The confusion matrix illustrates the outcomes of the boosting model’s predictions on the test dataset:
True Negative (TN): 4422 instances were accurately classified as “0” (No Purchase). False Positive (FP): 111 instances were inaccurately classified as “1” (Purchase) when they were actually “0”. False Negative (FN): 260 instances were inaccurately classified as “0” (No Purchase) when they were actually “1” (Purchase). True Positive (TP): 29 instances were correctly classified as “1” (Purchase). The accuracy rate is determined by dividing the number of True Positives (TP) by the sum of True Positives (TP) and False Positives (FP). In this scenario, the accuracy rate is approximately 0.2071 or 20.71%.
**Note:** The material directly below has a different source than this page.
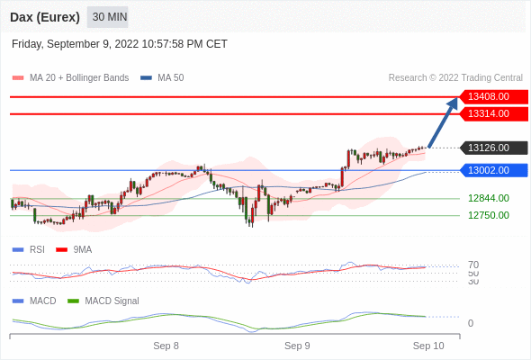 如跌破 13002 ,德国DAX指数期货 (Eurex) 目标方向定在 12844 和 12750 。
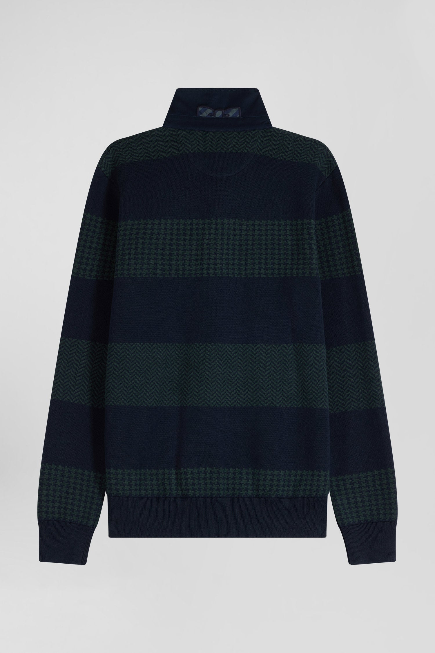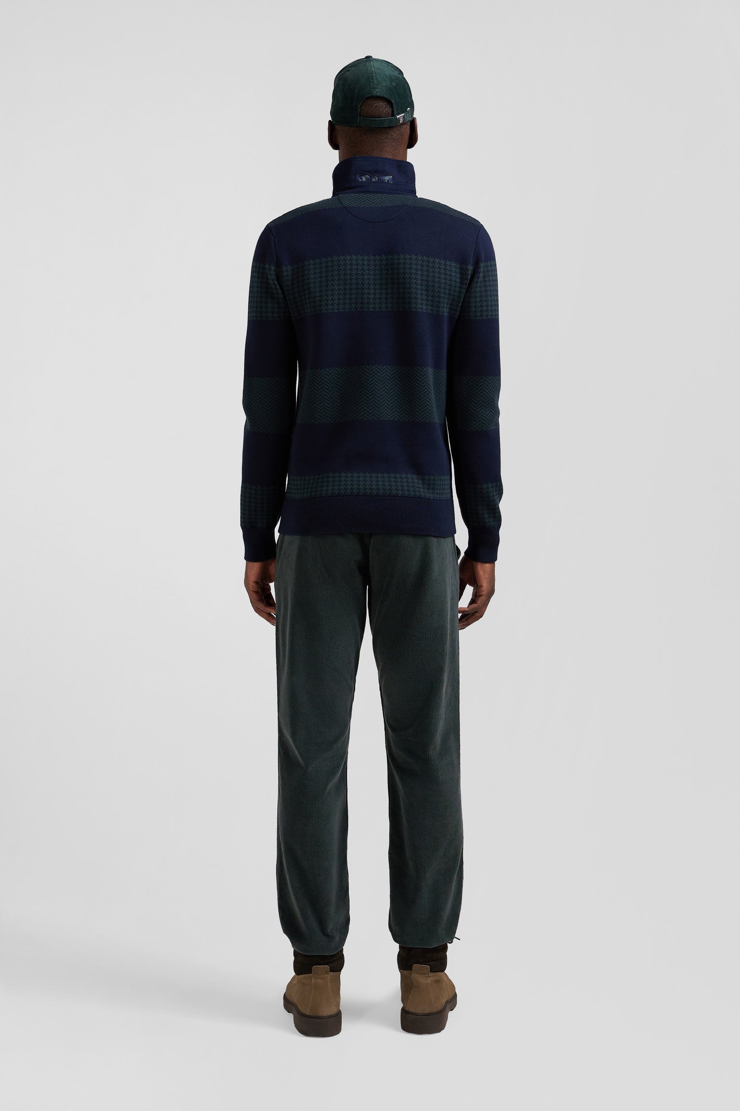 Pull col maillot en coton vert cerclé coupe Regular jacquard pied-de-poule

Interpretation of the findings:
The model correctly identified a considerable number of cases as “No Purchase” (True Negatives), which is anticipated due to the class imbalance (the majority of cases being “No Purchase”). Nevertheless, the model struggled to classify cases as “Purchase” (True Positives) and made more errors in this regard, resulting in a low accuracy rate for the “Purchase” class. The low accuracy rate suggests that the model’s capability to predict actual purchases is relatively weak, possibly influenced by the class imbalance or other factors affecting the model’s predictive performance.